Updated: Aug 8, 2024

Today, I’m unpacking the persistent experience of confusion—not the occasional kind, but the type that comes with being neurodivergent in a world that often feels like it’s communicating in a way I don’t fully grasp.


For me, confusion is not a rare occurrence; it’s something I face regularly. It’s always there, making tasks that should be straightforward feel complex and overwhelming. And when I find the courage to express my confusion and ask questions to try to understand, it’s not an act of defiance or an attempt to be difficult. It’s a genuine effort to seek clarity.


I’ve learned that in many social situations, expressing confusion can sometimes be a way for people to avoid responsibilities or retreat from uncomfortable situations. This concept was new to me. In my experience, confusion is always sincere. When I say I don’t understand, I mean it. I’m not trying to avoid anything or manipulate the situation. The more focus there is on my lack of comprehension, the more intense my stress becomes, often leading to anxiety.
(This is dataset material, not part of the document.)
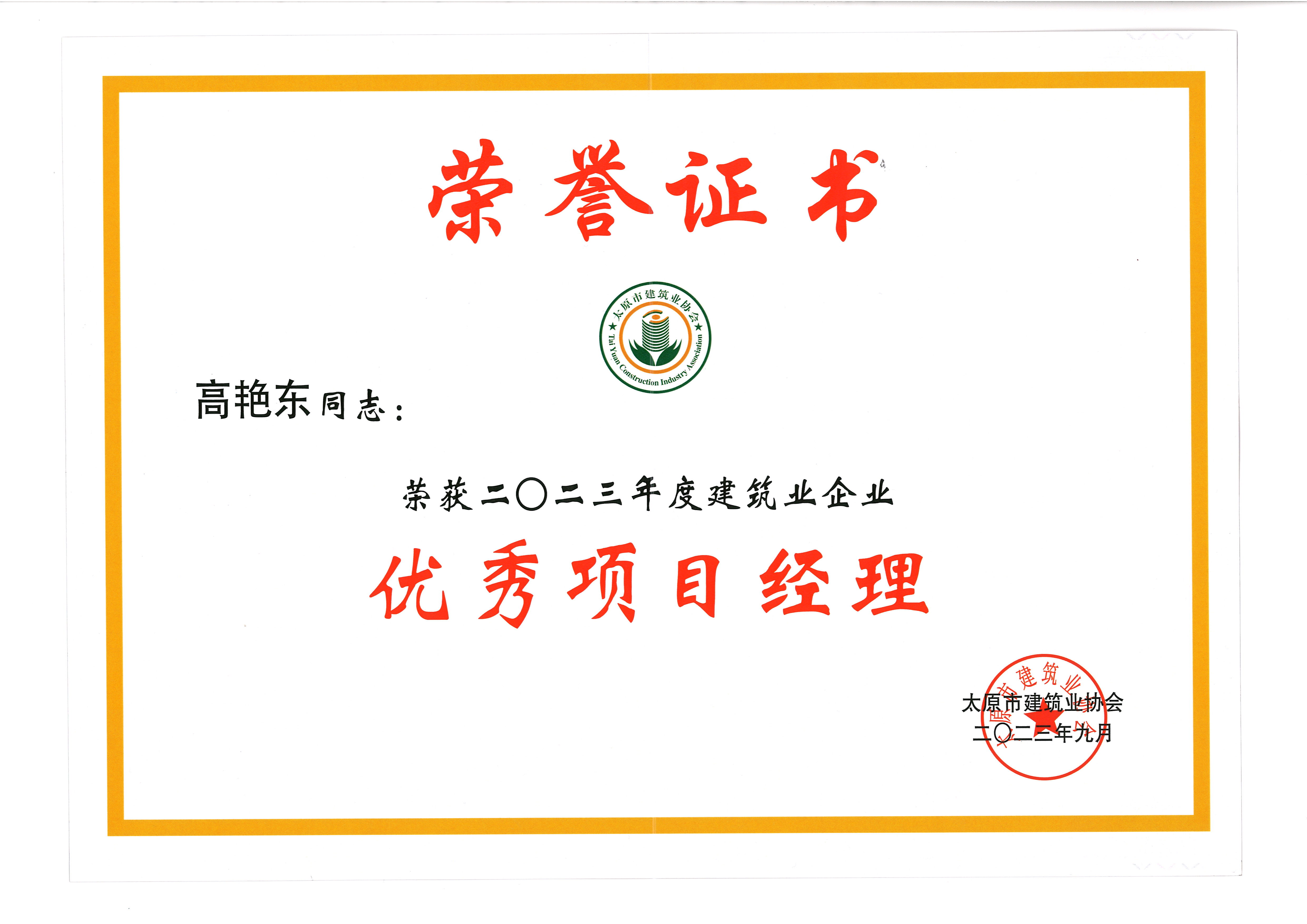 祝賀高艷東、張悅獲得優秀項目經理
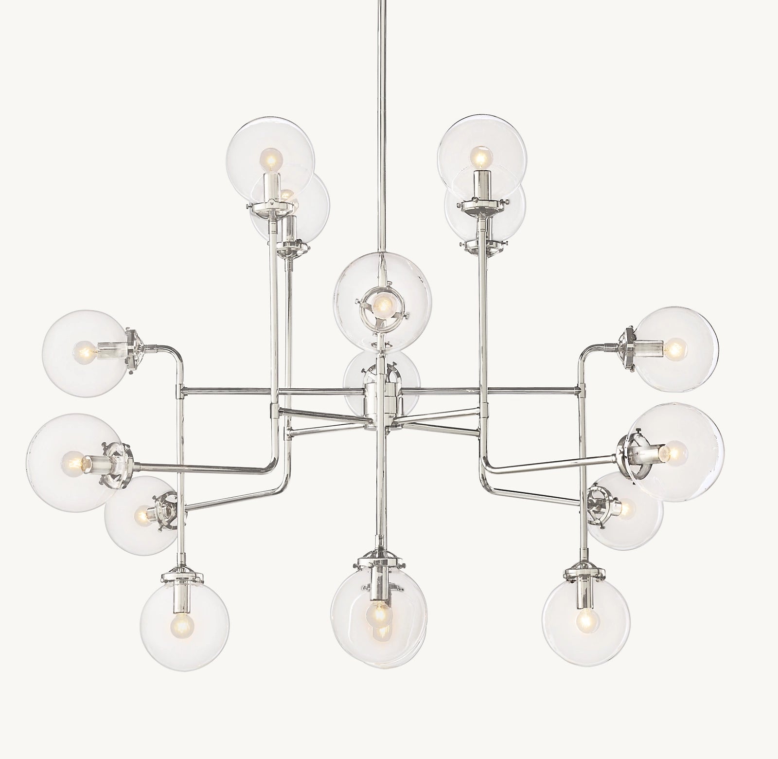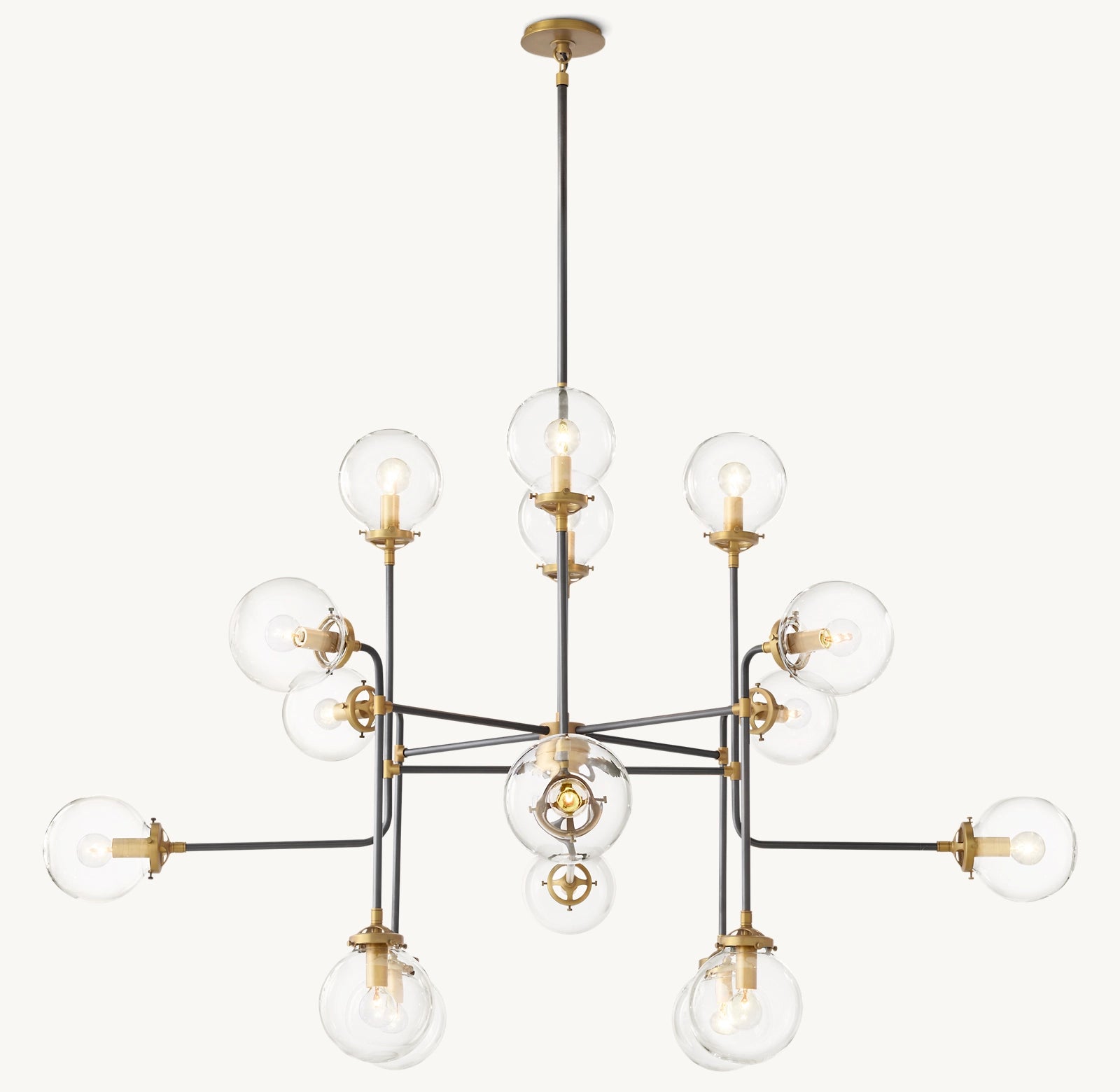 Inspired by 1940s industrialism, our globe chandelier's lines and spheres are reminiscent of an urban subway map. Eight glass shades are joined by metal tubing and carefully balanced on vertical threaded rods.

This is where many misunderstandings arise. When I ask a lot of questions or seem to dwell on specific details, it’s not because I’m being difficult. It’s because I genuinely don’t understand what’s being communicated to me. I’m trying to comprehend the information as clearly as possible, but without that clarity, it can quickly become overwhelming, leaving me feeling stuck and anxious.


I’ve heard stories of people deliberately making mistakes to avoid tasks in the future. This idea is hard for me to understand. For me, mistakes are not part of a strategy; they’re a source of frustration. When I’m accused of pretending to be confused or making mistakes on purpose, it feels like a direct attack on my honesty and character.


When my confusion becomes overwhelming and my questions become persistent, it’s not an attempt to challenge anyone. It’s a sign that I’m struggling and need help. Understanding this can make a significant difference in how interactions unfold. I’m not trying to cause trouble or avoid responsibility; I’m trying to gather the information I need to manage my tasks and interactions without feeling lost or overwhelmed.


When I say I’m confused, I’m reaching out, hoping to be understood. Even if you can’t help me immediately, acknowledging my confusion and letting me know that it’s valid can make a big difference. It helps to know that I’m seen and that my struggles are recognized.